如何从 xml 文件中删除非法字符?
我正在使用 PHP SimpleXML 方式处理服务器上的 XML 文件。我只需要读取 XML 的内容(我不需要修改它),所以我坚持使用简单易用的 SimpleXML。但是 SimpleXML 在读取某个 XML 文件时遇到问题,因为它有一些非常奇怪的字符。我收到以下错误:
Warning: simplexml_load_file() [function.simplexml-load-file]: data/data.xml:348: parser error : PCDATA invalid Char value 3 in C:\xampp\htdocs\VMP\xintel\analyzer.php on line 54 Warning: simplexml_load_file() [function.simplexml-load-file]: Jardin al fte. Hall de recepcion, amplio living comedor. ocina comedor diario c in C:\xampp\htdocs\VMP\xintel\analyzer.php on line 54
我无法控制 XML 文件中的内容,因此无法阻止将这些字符添加到文件中。另外,我不知道如何解决这个问题。该文件应该以 utf-8 编码。所以我尝试了从 UTF-8 解码为 ISO-8859-1 以及相反的解码,但没有任何反应。

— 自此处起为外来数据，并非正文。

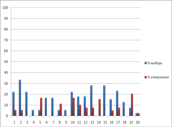 Рисунок 2.3 Диаграмма общих показателей социометрии По итогам анализа результатов социометрии, проведенной в группах «риска» и «благополучных» отдельно 4 испытуемых имеют высокий, 7 - средний, 5 - низкий и 4 - отрицательный итоговый показатель. Процентные показатели выбора и отвержения представлены в рисунке 2.3 и рисунке 2.4. Среднее арифметическое значение выбора в группах отдельно, по отношению к среднему арифметическому значению в общей группе, увеличился на 4. Вместе с тем среднее арифметическое отвержения уменьшился на 2.
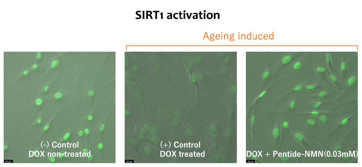 NMN はアンチエイジング・サプリメントとして、多くの製品が流通しており、日本でも著名人が使用していることで、大変注目を集めている。一方でNMN を化粧品に配合した際には、いくつかの欠点がある。経皮吸収性、安定性、細胞への取り込みがそれぞれ悪いということだ。浸透型NMN 誘導体『Pentide-NMN』はそれらを克服していることが、細胞実験によって検証されており、実験結果では、細胞中のNAD+を増加させ、アンチエイジング遺伝子として知られているサーチュイン遺伝子を発現させていることが確認されている。
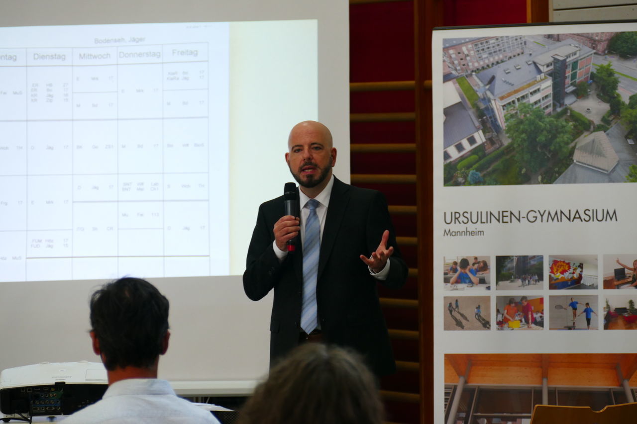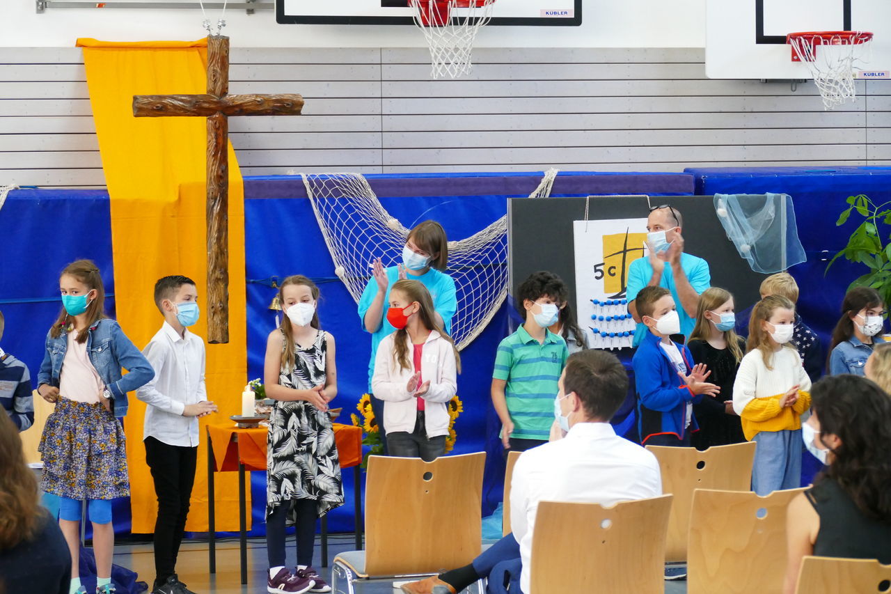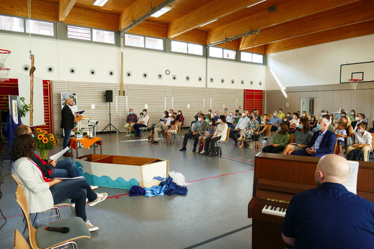 Mit drei feierlichen Zeremonien in der Turnhalle wurden die drei neuen Klassen am UGM heimisch. In einem kleinen Gottesdienst, angeleitet von Frau Nunn und Herrn Ohl, fand die Aufnahme einen rituellen Rahmen. Dieser Rahmen mochte auch den Eltern bewusst machen, dass die Aufnahme am Gymnasium mit wieder ein wenig mehr Loslassen ihrerseits einhergehen darf.
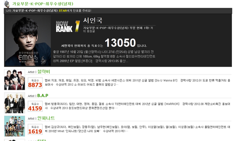 http://awards.emn.kr/news/index.php?tcode=2013star12&qsort=wr_good&qord=desc
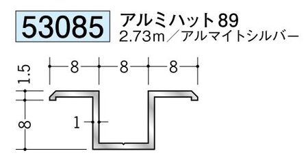 アルミ製ハット型ジョイナー アルミハット89 アルマイトシルバー 長さ2.73m
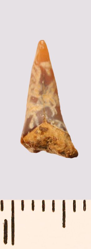 Зуб (фрагмент). Акула. Odontaspis striatula Dalinkevicius, 1935. Классификация: Хордовые Chordata, Позвоночные Vertebrata, Хрящевые рыбы Chondrichthyes, Пластиножаберные Elasmobranchii

有人可以帮我吗?我应该尝试更改编码吗?我应该尝试删除这些字符吗?任何事物?
编辑: tangre 字符都是方框图字符(请参阅:http://en.wikipedia。 org/wiki/Box-drawing_characters)
I am using the PHP SimpleXML way of working with XML files on my server. I only need to read the contents of the XML (I have no need to modify it) so I stuck to the simple and easy to use SimpleXML. But SimpleXML is having problems reading a certain XML file because it has some very strange characters. I get the following errors:
Warning: simplexml_load_file() [function.simplexml-load-file]: data/data.xml:348: parser error : PCDATA invalid Char value 3 in C:\xampp\htdocs\VMP\xintel\analyzer.php on line 54 Warning: simplexml_load_file() [function.simplexml-load-file]: Jardin al fte. Hall de recepcion, amplio living comedor. ocina comedor diario c in C:\xampp\htdocs\VMP\xintel\analyzer.php on line 54
I have no control of what goes into the XML file, so I can't stop these characters from being added to the file. Also, I don't know how to solve this issue. The file is supposed to be encoded in utf-8. So I tried things like decoding from UTF-8 to ISO-8859-1 and the reverse, but nothing is happening.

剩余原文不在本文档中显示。